(Extracted data entries)
= = = = =
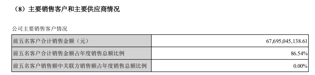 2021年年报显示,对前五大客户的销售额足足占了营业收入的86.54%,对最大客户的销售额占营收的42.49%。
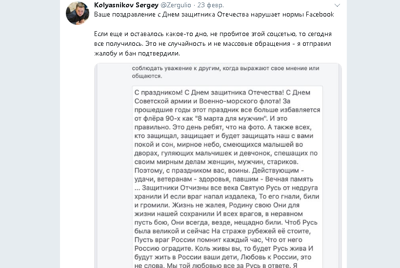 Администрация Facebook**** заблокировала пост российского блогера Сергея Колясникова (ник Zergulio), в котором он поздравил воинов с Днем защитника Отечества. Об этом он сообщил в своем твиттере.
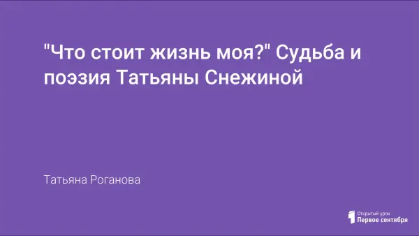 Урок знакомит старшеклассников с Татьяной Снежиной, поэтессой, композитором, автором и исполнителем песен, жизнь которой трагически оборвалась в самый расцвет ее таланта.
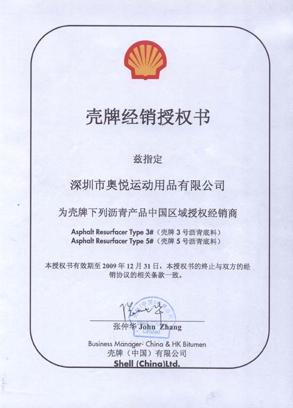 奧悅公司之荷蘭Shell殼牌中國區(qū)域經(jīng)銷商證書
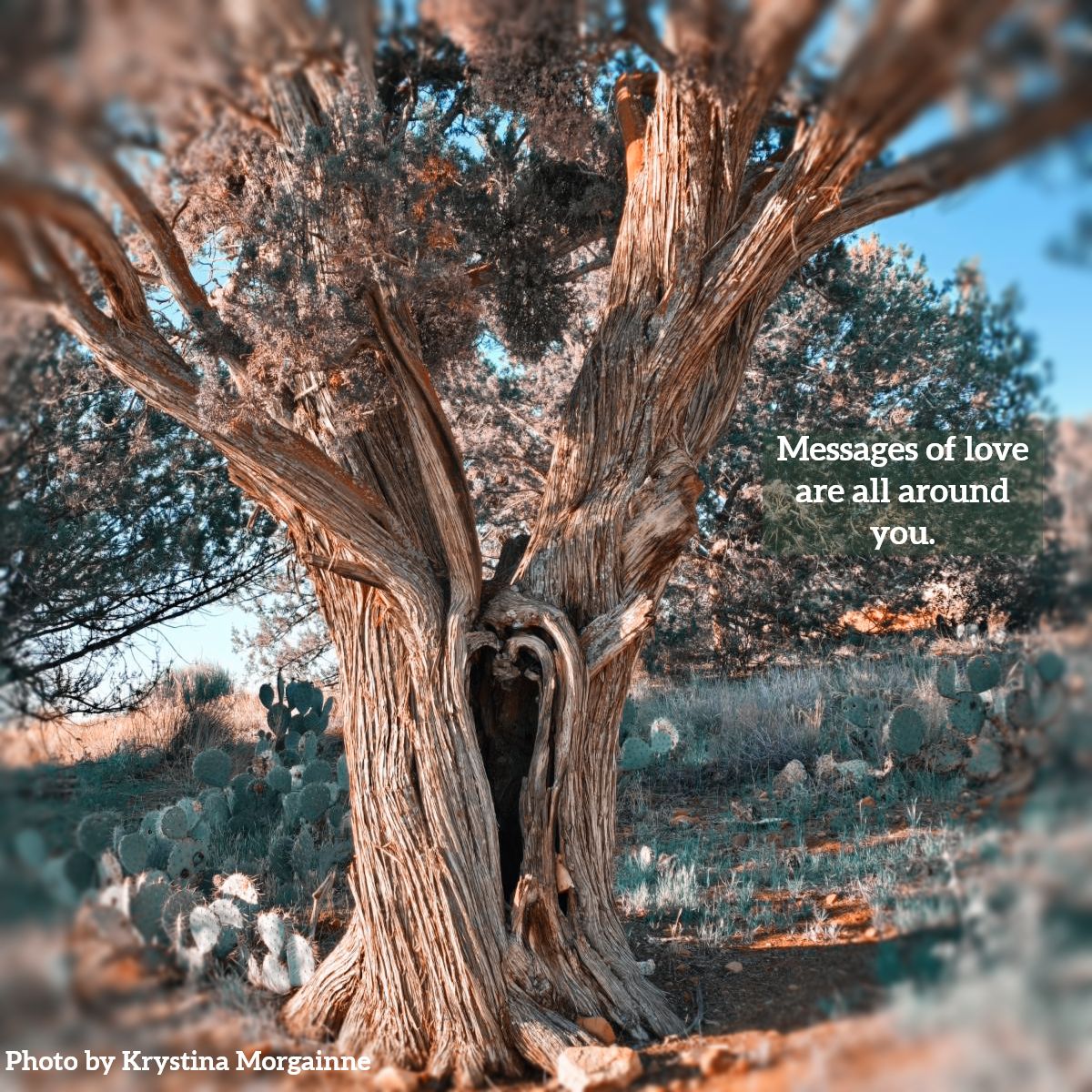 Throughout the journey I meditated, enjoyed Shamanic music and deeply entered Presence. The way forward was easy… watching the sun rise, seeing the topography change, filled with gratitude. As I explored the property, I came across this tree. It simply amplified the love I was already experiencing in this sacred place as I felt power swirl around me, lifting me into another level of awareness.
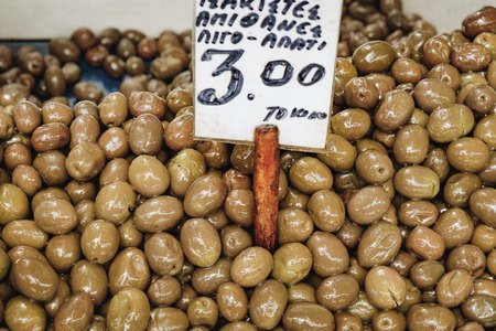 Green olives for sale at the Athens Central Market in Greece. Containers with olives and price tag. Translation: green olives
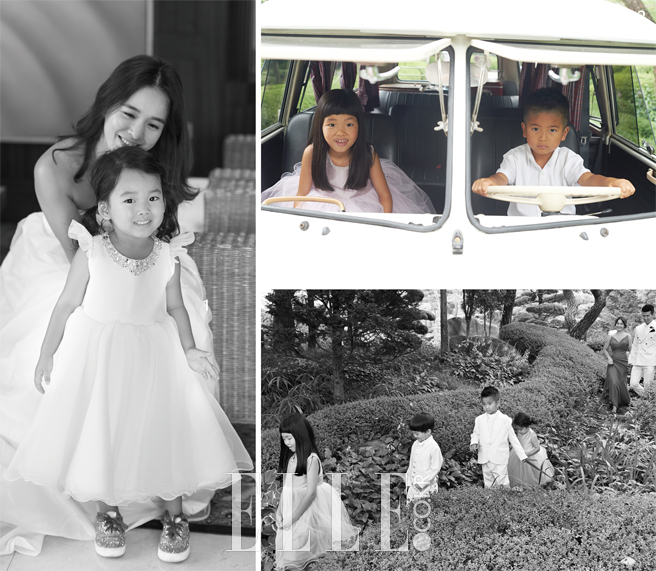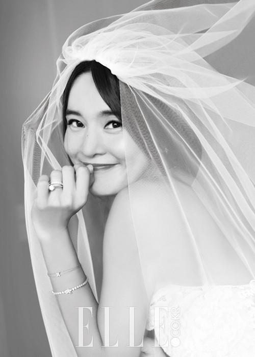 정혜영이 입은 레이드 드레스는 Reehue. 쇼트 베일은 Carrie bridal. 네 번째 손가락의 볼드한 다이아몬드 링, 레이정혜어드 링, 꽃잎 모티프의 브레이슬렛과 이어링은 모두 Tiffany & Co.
= = = = =
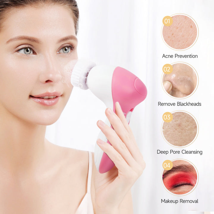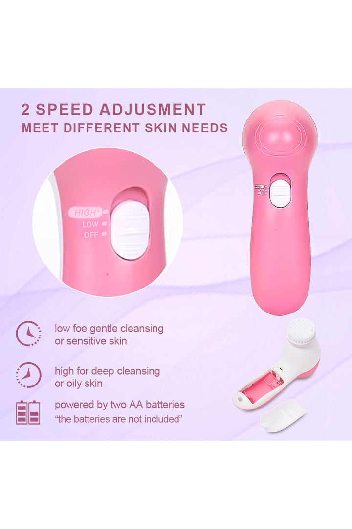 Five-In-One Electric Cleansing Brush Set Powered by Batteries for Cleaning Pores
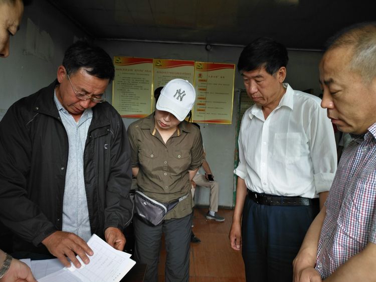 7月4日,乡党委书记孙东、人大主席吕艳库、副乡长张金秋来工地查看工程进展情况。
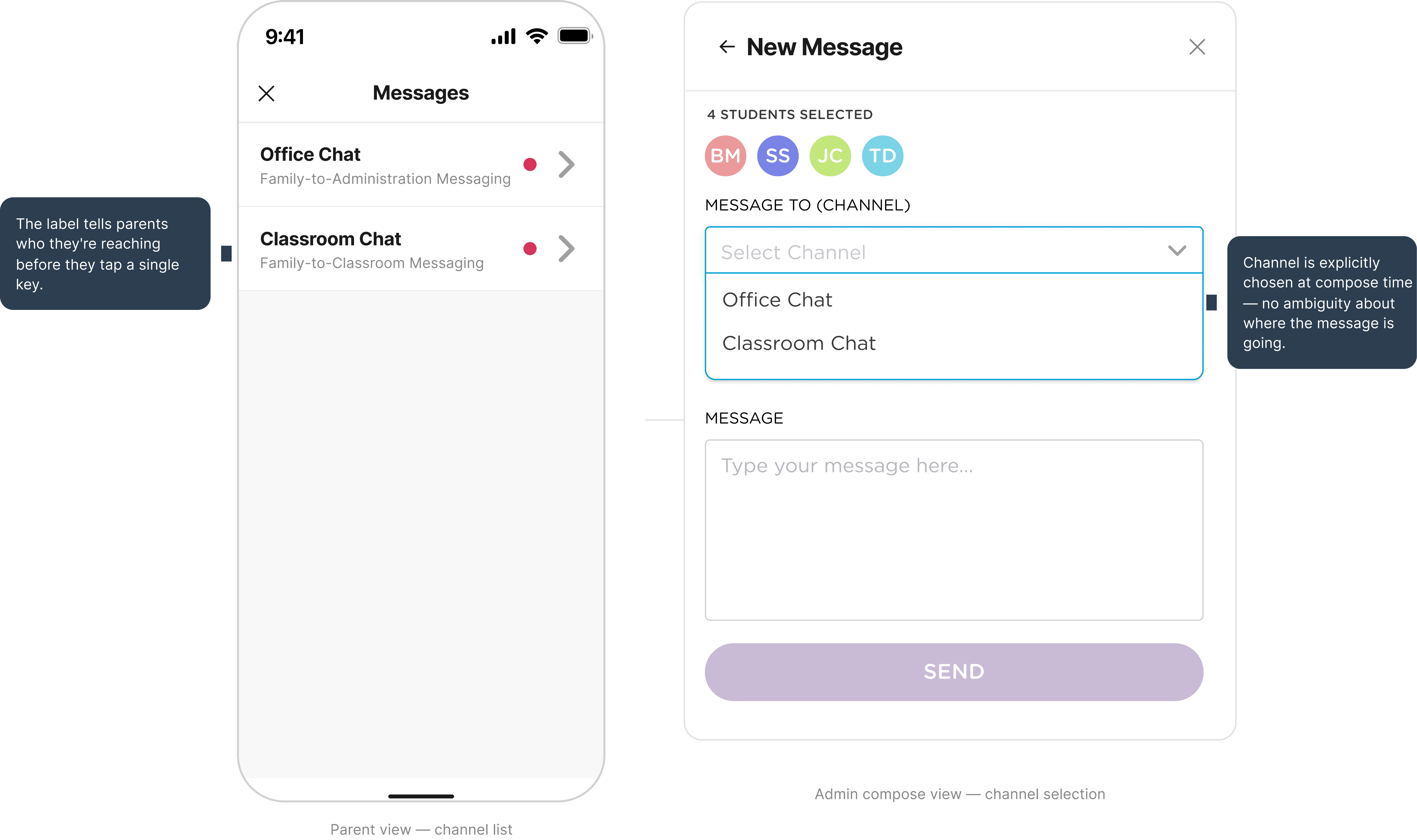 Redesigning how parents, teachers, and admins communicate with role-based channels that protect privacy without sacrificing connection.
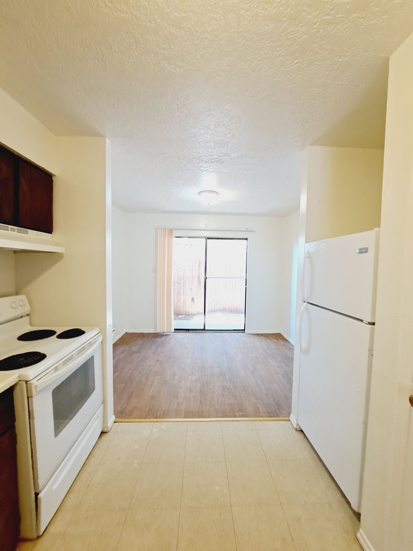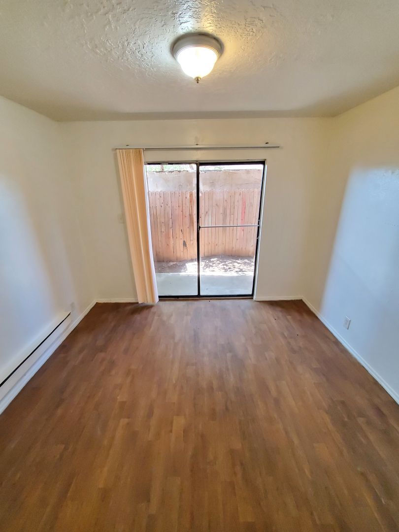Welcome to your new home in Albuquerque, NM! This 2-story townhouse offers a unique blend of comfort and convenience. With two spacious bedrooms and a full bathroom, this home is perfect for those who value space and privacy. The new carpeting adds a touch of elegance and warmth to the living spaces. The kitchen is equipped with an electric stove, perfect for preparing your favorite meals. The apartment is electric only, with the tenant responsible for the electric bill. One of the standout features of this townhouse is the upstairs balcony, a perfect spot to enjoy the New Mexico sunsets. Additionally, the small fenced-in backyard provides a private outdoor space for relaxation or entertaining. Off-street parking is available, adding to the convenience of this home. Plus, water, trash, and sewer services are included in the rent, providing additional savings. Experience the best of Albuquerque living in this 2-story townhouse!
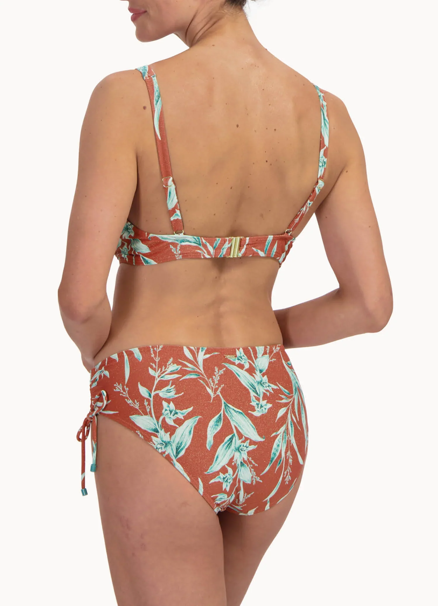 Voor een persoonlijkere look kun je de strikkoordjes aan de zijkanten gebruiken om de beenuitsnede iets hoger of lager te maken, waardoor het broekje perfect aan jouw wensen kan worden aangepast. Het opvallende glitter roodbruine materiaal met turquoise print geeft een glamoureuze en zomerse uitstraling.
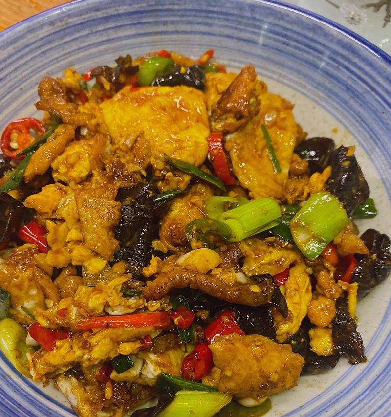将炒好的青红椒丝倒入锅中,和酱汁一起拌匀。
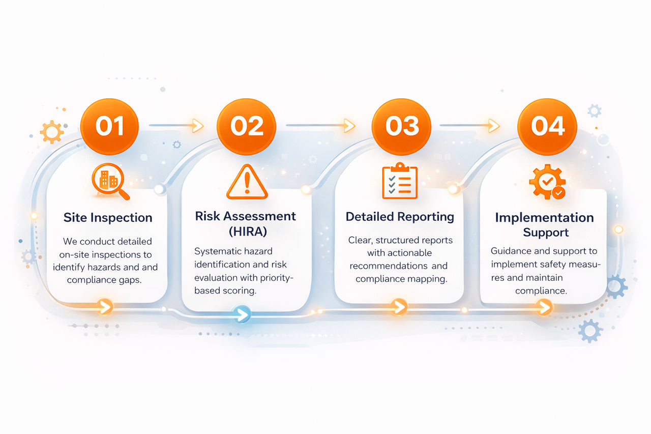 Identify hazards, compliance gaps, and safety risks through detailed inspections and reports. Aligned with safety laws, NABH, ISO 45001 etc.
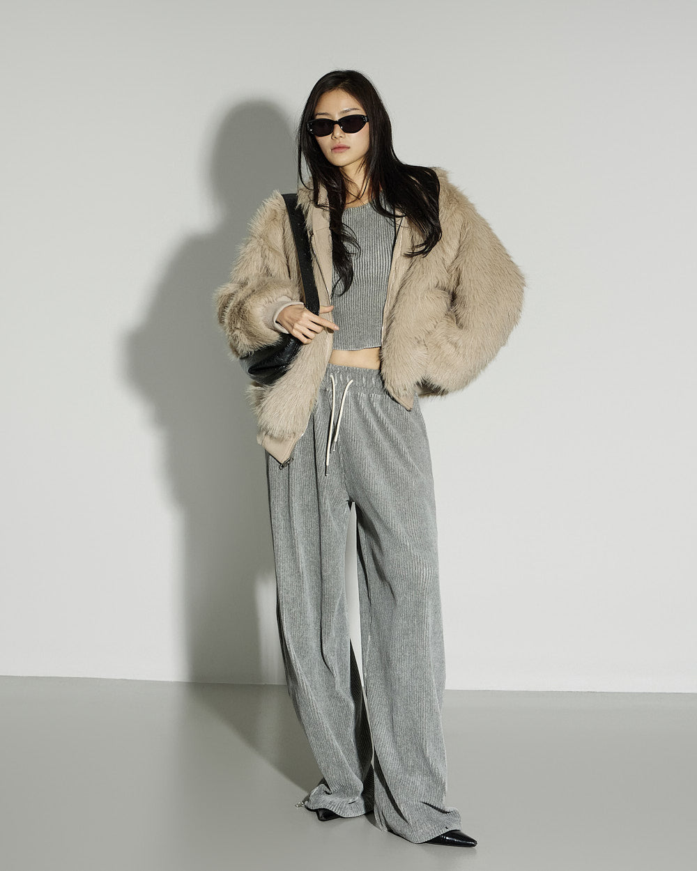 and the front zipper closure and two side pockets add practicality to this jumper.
= = = = =
### YOUR TASK
Would you output the lines above from the line holding "Identify hazards, compliance" up to and including the line holding "and the front", exactly and only those, with no pictures?

### RESPONSE FOR THIS EXERCISE
 Identify hazards, compliance gaps, and safety risks through detailed inspections and reports. Aligned with safety laws, NABH, ISO 45001 etc.
 and the front zipper closure and two side pockets add practicality to this jumper.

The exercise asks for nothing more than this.